Well, I found something to do, that I enjoy, that also pays me money. Not much, mind you, but if I were to distill what I learned abroad into a single lesson it would be this: The most meaningful things I will do in life most likely share an inverse relationship with financial gain. Case in point: I’m currently working as a wedding stylist for a wedding-store retailer, where I have 90 minutes with each bride to help them find their wedding dress.
Yes, it is JUST LIKE “Say Yes to the Dress.” For starters, they never show you exactly what goes into getting brides into some of the dresses they want to try on, (Vera Wang, have you, personally, ever tried to carry one of your ballgowns?) or mention the thick callous that forms on the finger that bears the force of the hangers, from which dresses weighing in at anywhere between three and ten pounds dangle. Or how sweaty you get throughout the course of the appointment. I could go on for a bit.
But you know what? It’s so worth it.
My first time out on the floor and shadowing an appointment turned into my taking the appointment myself while my boss took a walk-in (read: unexpected–more on those later) appointment. Suddenly, I was tasked with finding a dress for a young woman who was looking for a dress for wedding #2, with her mother and young daughter from her first marriage in rapt attendance.

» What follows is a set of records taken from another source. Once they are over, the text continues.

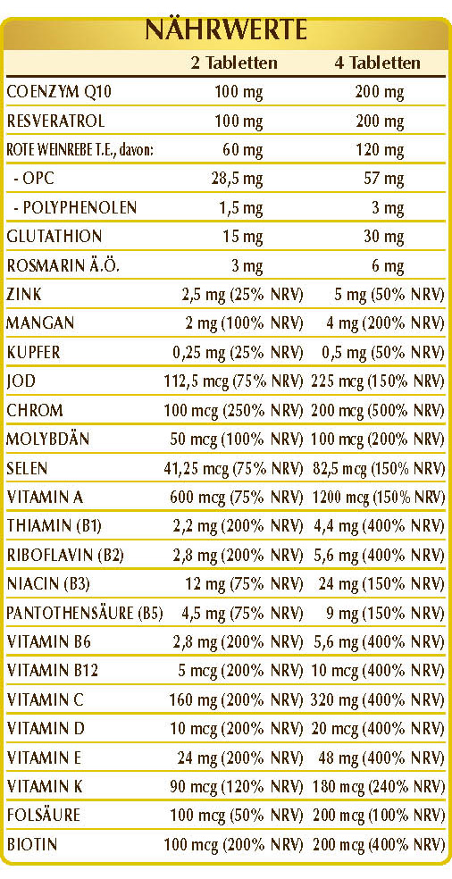 Zweibasisches Calciumphosphat, Vitamin C (Ascorbinsäure), mikrokristalline Cellulose°, Gummi arabicum°, Coenzym Q10, Resveratrol pflanzlichen Ursprungs, Vitamin E pflanzlichen Ursprungs (D-α-Tocopherylacetat), Roten Weinrebe (Vitis vinifera) Blätter T.E. (standardisiert auf 5 % in Polyphenolen), Roter Weinrebe (Vitis vinifera) Kerne T.E. (standardisiert auf 5 % oligomeren Proanthocyanidinen oder OPC), Zinkgluconat, Siliziumdioxid°°, Mangangluconat, reduziertes Glutathion, Vitamin B3 (Nikotinamid), Vitamin B5 (Calciumpantothenat), Aktivierte Vitamin B2 (Natrium-Riboflavin-5-phosphat), Magnesiumstearat pflanzlichen Ursprungs°°, Aktivierte Vitamin B6 (Pyridoxal-5-phosphat), Flechten (Cladonia rangiferina) Thallus T.E. (standardisiert auf Vitamin D3 Cholecalciferol 100.000 IE/g), Vitamin B6 (Pyridoxinhydrochlorid), Rosmarin (Rosmarinus officinalis) Blütenspitzen Ä.Ö., Vitamin B1 (Thiaminhydrochlorid), Vitamin B2 (Riboflavin), Kupfergluconat, Chrompicolinat, Kaliumjodid, Natriummolybdat, Folsäure, Biotin, Natriumselenit, Vitamin K1 (Phyllochinon), Vitamin B12 (Cyanocobalamin). °Füllstoff °°Trennmittel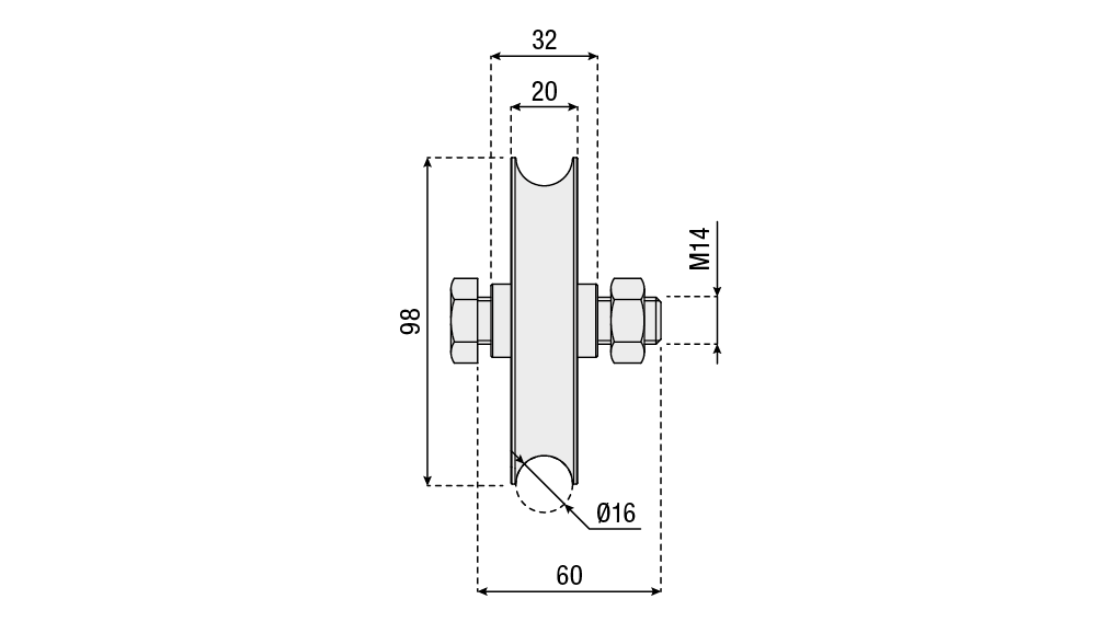 Galvanized wheel with bolt, with half-round groove, 1 bearing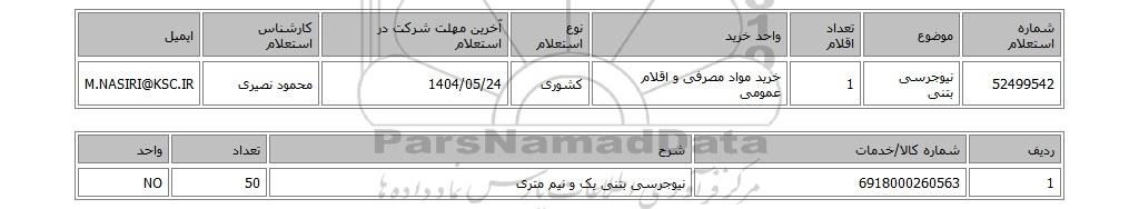 | 52499542 | نیوجرسی بتنی | 1 | خرید مواد مصرفی و اقلام عمومی | کشوری | 1404/05/24 | محمود نصیری | M.NASIRI@KSC.IR |

Our iPad training prepares us for the logistics of selling dresses; it teaches us how to present ourselves, the different dress silhouettes and the type of figure they’re most flattering on, how to accessorize, etc. The technical stuff. But the training leaves off at a point that is difficult to teach, and difficult to name, but I would say, generally, it’s the point of compassion.
I’ve worked with brides with all sorts of personalities and quirks.
Each one of them has added a new layer to my understanding of what it means to be compassionate and how I can best use my learning to make better, more authentic connections with people. Brides, for as much as stereotypes would cast them as either “bridezilla” or “glowing” have all fallen somewhere between the two based on my experience with them.
It’s impossible to present them with the generic, friendly version of myself that I might present to the typical stranger, and still do my job well. Thus, getting to know my brides requires a level of comfort with myself that can only be expressed via confidence in intimacy.
When I’m helping a bride into a wedding dress, we’re in a claustrophobically small room.
I can feel tension in her thoughts before she even articulates them. If she does. If she doesn’t, it’s my prerogative to make her comfortable enough to unburden herself so that she can be present for what should be a positive experience. These little moments, where communication occurs via body language, are where I’m learning to gently insert a lighthearted question or a kind observation.
I took this job because I thought I would enjoy it and because I knew it would give me a ton of inspiration for characters and stories. I was not expecting that in addition to both of those things, it would suggest that becoming a better writer is not mutually exclusive from becoming a better person.